**Recorded data**.
--- START ---
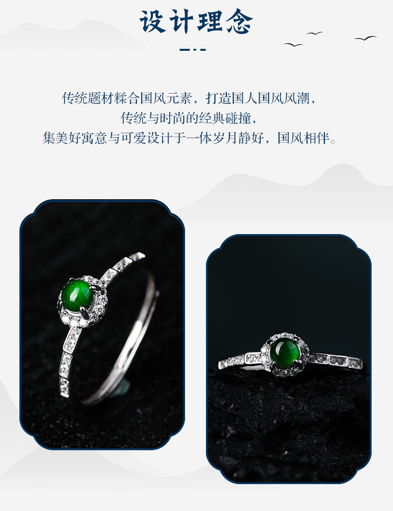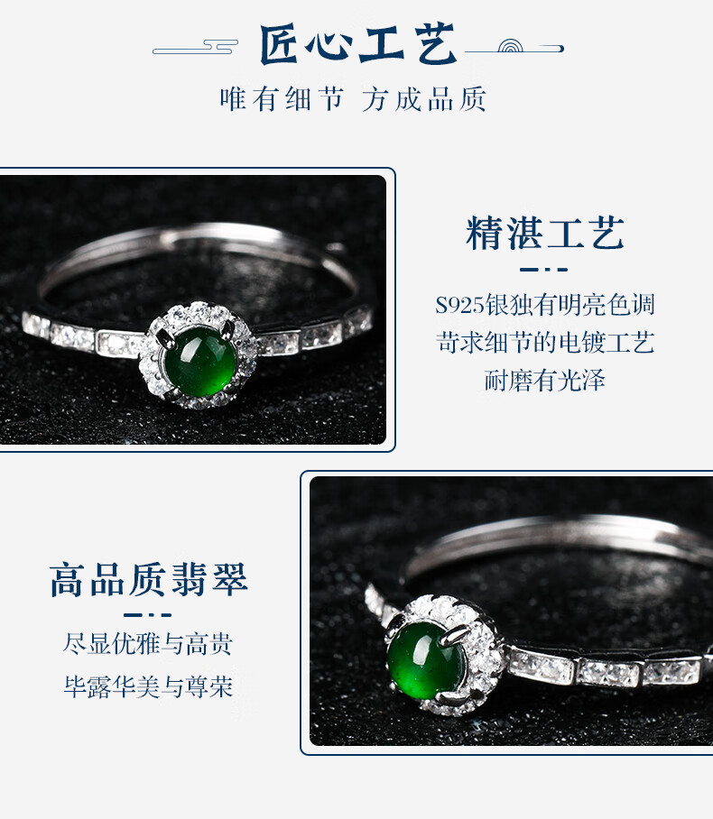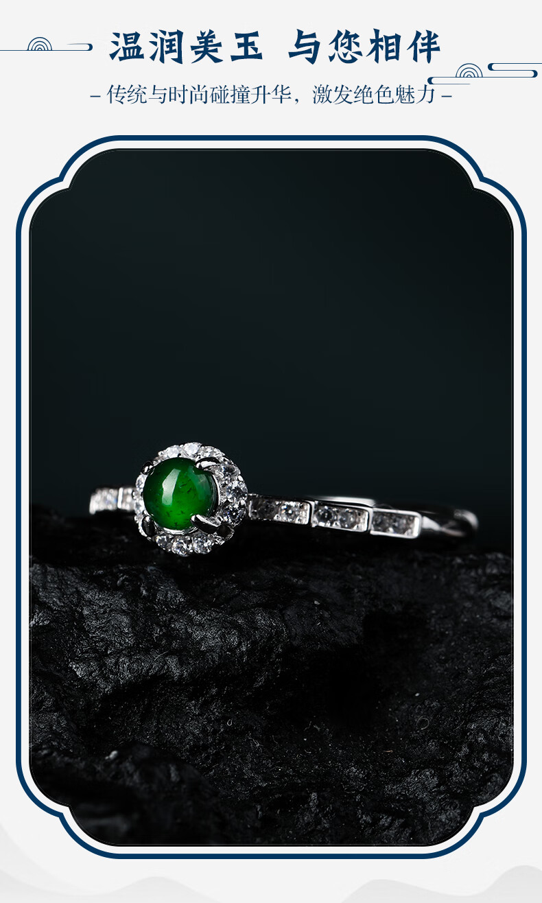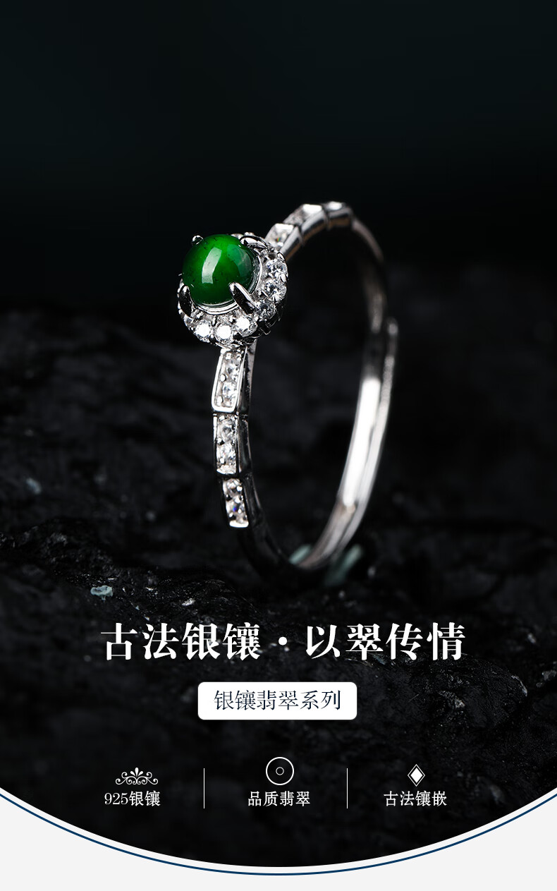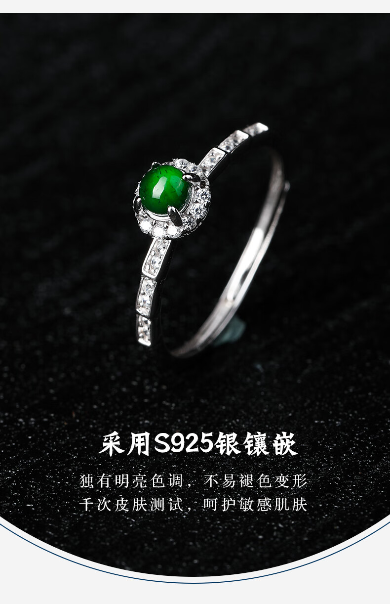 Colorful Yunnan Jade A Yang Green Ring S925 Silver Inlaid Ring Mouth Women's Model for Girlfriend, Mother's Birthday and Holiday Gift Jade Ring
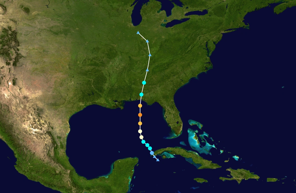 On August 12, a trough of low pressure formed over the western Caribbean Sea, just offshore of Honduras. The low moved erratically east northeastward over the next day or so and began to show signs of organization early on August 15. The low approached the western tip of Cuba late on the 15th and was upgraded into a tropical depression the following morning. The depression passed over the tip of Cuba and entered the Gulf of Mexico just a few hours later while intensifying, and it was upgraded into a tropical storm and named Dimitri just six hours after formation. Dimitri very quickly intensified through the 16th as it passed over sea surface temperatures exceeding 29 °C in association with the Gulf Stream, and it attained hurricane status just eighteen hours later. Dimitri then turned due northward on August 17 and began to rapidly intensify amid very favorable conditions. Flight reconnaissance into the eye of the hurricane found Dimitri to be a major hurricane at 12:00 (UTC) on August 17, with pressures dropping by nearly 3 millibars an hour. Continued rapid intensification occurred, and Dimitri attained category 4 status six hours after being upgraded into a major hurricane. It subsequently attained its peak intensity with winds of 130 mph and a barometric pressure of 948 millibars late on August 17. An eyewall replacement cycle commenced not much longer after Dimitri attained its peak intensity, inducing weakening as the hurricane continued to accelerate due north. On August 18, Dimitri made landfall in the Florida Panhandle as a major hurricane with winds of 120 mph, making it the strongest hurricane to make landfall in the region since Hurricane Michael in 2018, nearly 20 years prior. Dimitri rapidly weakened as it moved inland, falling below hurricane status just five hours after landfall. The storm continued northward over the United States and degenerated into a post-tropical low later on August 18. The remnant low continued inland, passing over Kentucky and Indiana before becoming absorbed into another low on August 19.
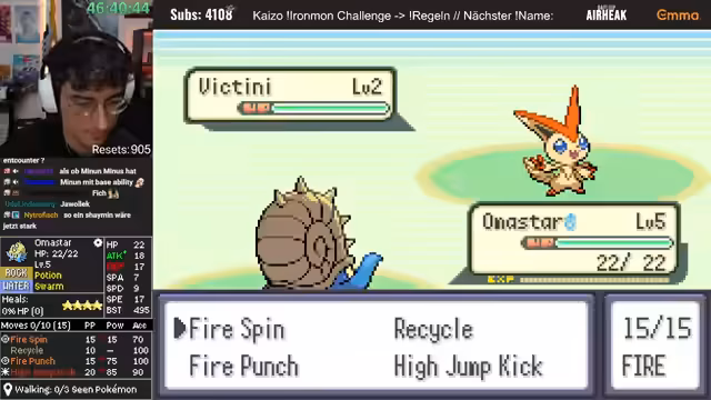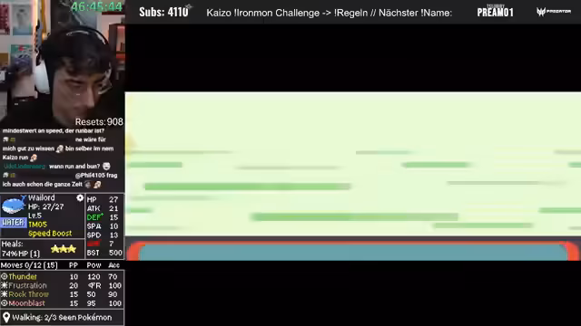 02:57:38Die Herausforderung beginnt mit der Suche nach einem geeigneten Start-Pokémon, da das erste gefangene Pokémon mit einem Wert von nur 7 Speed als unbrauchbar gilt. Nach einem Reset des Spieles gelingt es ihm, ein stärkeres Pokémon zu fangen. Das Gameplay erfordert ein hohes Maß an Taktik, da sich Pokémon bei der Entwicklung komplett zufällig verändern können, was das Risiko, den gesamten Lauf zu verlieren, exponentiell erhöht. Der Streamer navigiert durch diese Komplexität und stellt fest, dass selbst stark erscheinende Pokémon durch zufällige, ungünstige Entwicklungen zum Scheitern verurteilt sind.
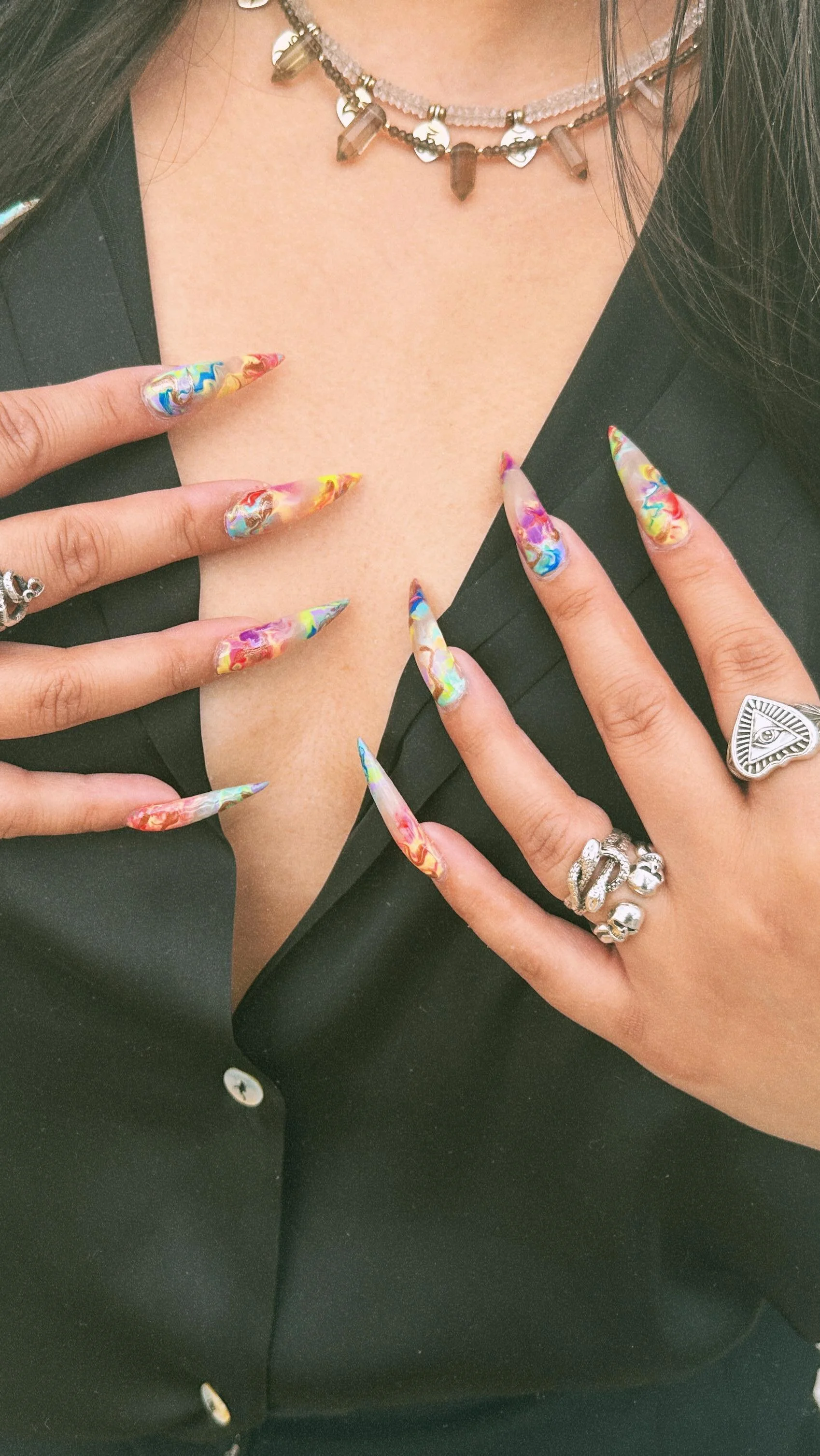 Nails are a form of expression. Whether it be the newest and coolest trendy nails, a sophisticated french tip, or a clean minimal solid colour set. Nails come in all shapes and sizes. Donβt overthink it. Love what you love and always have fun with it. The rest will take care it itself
--- END ---
**Exercise goal**. When you restate the listing, keep every word as it is and drop the pictures.

**Response area**.
 Colorful Yunnan Jade A Yang Green Ring S925 Silver Inlaid Ring Mouth Women's Model for Girlfriend, Mother's Birthday and Holiday Gift Jade Ring
 On August 12, a trough of low pressure formed over the western Caribbean Sea, just offshore of Honduras. The low moved erratically east northeastward over the next day or so and began to show signs of organization early on August 15. The low approached the western tip of Cuba late on the 15th and was upgraded into a tropical depression the following morning. The depression passed over the tip of Cuba and entered the Gulf of Mexico just a few hours later while intensifying, and it was upgraded into a tropical storm and named Dimitri just six hours after formation. Dimitri very quickly intensified through the 16th as it passed over sea surface temperatures exceeding 29 °C in association with the Gulf Stream, and it attained hurricane status just eighteen hours later. Dimitri then turned due northward on August 17 and began to rapidly intensify amid very favorable conditions. Flight reconnaissance into the eye of the hurricane found Dimitri to be a major hurricane at 12:00 (UTC) on August 17, with pressures dropping by nearly 3 millibars an hour. Continued rapid intensification occurred, and Dimitri attained category 4 status six hours after being upgraded into a major hurricane. It subsequently attained its peak intensity with winds of 130 mph and a barometric pressure of 948 millibars late on August 17. An eyewall replacement cycle commenced not much longer after Dimitri attained its peak intensity, inducing weakening as the hurricane continued to accelerate due north. On August 18, Dimitri made landfall in the Florida Panhandle as a major hurricane with winds of 120 mph, making it the strongest hurricane to make landfall in the region since Hurricane Michael in 2018, nearly 20 years prior. Dimitri rapidly weakened as it moved inland, falling below hurricane status just five hours after landfall. The storm continued northward over the United States and degenerated into a post-tropical low later on August 18. The remnant low continued inland, passing over Kentucky and Indiana before becoming absorbed into another low on August 19.
 02:57:38Die Herausforderung beginnt mit der Suche nach einem geeigneten Start-Pokémon, da das erste gefangene Pokémon mit einem Wert von nur 7 Speed als unbrauchbar gilt. Nach einem Reset des Spieles gelingt es ihm, ein stärkeres Pokémon zu fangen. Das Gameplay erfordert ein hohes Maß an Taktik, da sich Pokémon bei der Entwicklung komplett zufällig verändern können, was das Risiko, den gesamten Lauf zu verlieren, exponentiell erhöht. Der Streamer navigiert durch diese Komplexität und stellt fest, dass selbst stark erscheinende Pokémon durch zufällige, ungünstige Entwicklungen zum Scheitern verurteilt sind.
 Nails are a form of expression. Whether it be the newest and coolest trendy nails, a sophisticated french tip, or a clean minimal solid colour set. Nails come in all shapes and sizes. Donβt overthink it. Love what you love and always have fun with it. The rest will take care it itself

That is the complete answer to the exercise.